Есть поблизости, конечно, и домик с надписью: «Вход в белаю харчевню». Только в ней, по мнению чистой публики, всё сволочь бывает. Ведь мастеровому и гулянье не в охотку, коли заведения нет. Ему обязательно подавай пьяную шарманщицу с пьяным кларнетистом, подлую песню и побольше сивухи.
Давно полюбились здешние места московским правителям. Когда еще весь город умещался за Кремлевской стеной, стоял здесь дворец Софьи Витовтовны, бабки Ивана III. Был он выстроен из могучих дубовых бревен и простоял до середины XVIII века. Поблизости от него, застигнутый врасплох татарами, хоронился в стогу сена великий князь московский Василий III. Сюда бежал от своего народа во время пожара и бунта 1547 года его сын, юный русский царь Иван IV («Вниде страх в душу мою и трепет в кости моя, и смирился дух мой»). В окрестных лесах тешил тебя соколиной охотой тишайший монарх Алексей Михайлович. Возле дворца сажал березовую рощу император Петр I. Окрестные земли дарила своим фаворитам императрица Екатерина II.
Теперь усадьбы и сады, господствующие над Москвой, скупил у обнищавших наследников орлов Екатерины нынешний венценосец Николай I. Жаль только ему, что не все еще. Надобно все, до последнего клочка, ведь здесь, как ни в каком другом месте, ластится мысль, что у твоих подошв лежит Россия. Отсюда войнолюбивые ордынские ханы взирали на гибель в огне Московского княжества. Здесь был последний привал полков Сигизмунда, проходивших добивать мятущуюся Русь в Смутное время.
Но время возвращается на круги своя, и злого гения всегда ожидает участь надменного корсиканца из рода Бонапартов, обогнувшего Воробьевы горы от Смоленской до Калужской дороги, после чего гордый победитель оказался резвым беглецом.

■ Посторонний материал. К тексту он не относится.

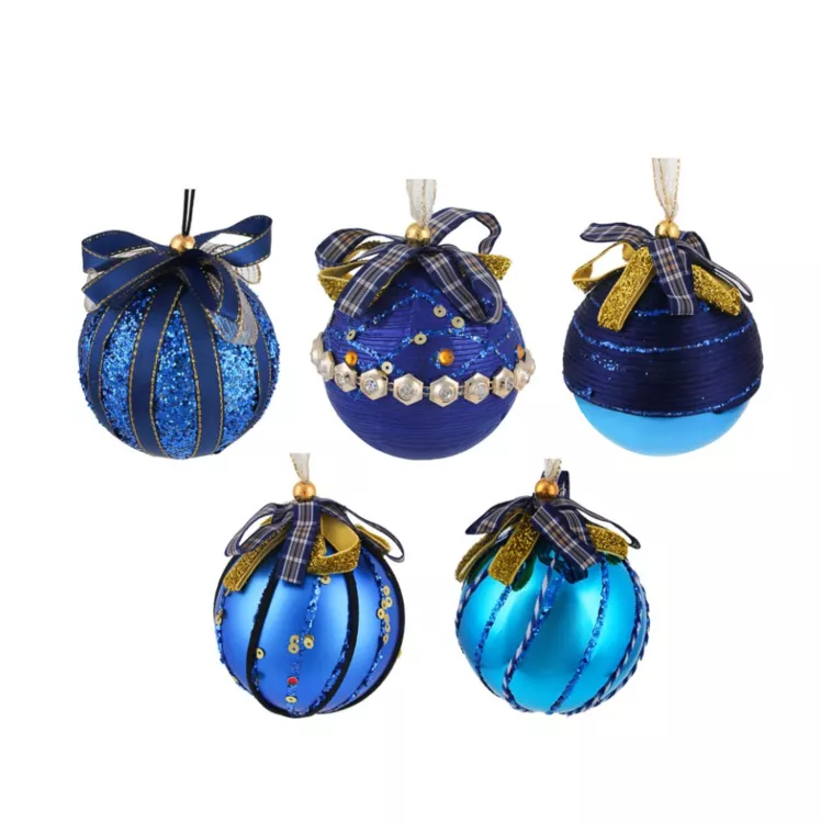 "СНОУ БУМ" Украшение декоративное подвесное "Шар" 8см, цв.синий с золотом, 5в.

После той войны с французами многие русские дамы догадались, что они русские и что у них есть отечество. Самые экзальтированные из них взбирались на Воробьевы горы в золоченых каретах и, глядя на сверкающие главы кремлевских соборов, а при тумане на Новодевичий монастырь, вспоминали строки из удивительной «Истории государства Российского» знаменитого Карамзина:
«В сие ужасное время, когда юный царь трепетал в Воробьевом дворце своем, а добродетельная Анастасия молилась, явился там какой-то удивительный муж, именем Сильвестр, саном иерей, родом из Новагорода; приблизился к Иоанну с подъятым, угрожающим перстом, с видом пророка, и гласом убедительным возвестил ему, что суд Божий гремит над главою царя легкомысленного и злострастного, что огнь небесный испепелил Москву, что сила Вышнего волнует народ и льет фиал гнева в сердца людей».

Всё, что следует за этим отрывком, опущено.